## Your task
Repeat only the lines below from the one containing "take 2 Zoek" through the one containing "em 1932 o Prêmio", inclusive, exactly as written.

##### Task material

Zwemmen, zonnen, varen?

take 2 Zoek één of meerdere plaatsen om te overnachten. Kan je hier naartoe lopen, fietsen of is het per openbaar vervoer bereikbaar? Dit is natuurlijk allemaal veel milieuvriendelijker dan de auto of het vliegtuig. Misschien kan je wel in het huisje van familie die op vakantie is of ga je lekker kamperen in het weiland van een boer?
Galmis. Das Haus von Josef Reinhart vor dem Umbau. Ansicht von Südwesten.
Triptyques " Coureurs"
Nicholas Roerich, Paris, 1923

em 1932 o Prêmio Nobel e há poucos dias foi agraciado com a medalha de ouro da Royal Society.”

##########
##### Task material

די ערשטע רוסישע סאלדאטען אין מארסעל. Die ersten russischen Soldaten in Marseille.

##########

## Response
take 2 Zoek één of meerdere plaatsen om te overnachten. Kan je hier naartoe lopen, fietsen of is het per openbaar vervoer bereikbaar? Dit is natuurlijk allemaal veel milieuvriendelijker dan de auto of het vliegtuig. Misschien kan je wel in het huisje van familie die op vakantie is of ga je lekker kamperen in het weiland van een boer?
Galmis. Das Haus von Josef Reinhart vor dem Umbau. Ansicht von Südwesten.
Triptyques " Coureurs"
Nicholas Roerich, Paris, 1923

em 1932 o Prêmio Nobel e há poucos dias foi agraciado com a medalha de ouro da Royal Society.”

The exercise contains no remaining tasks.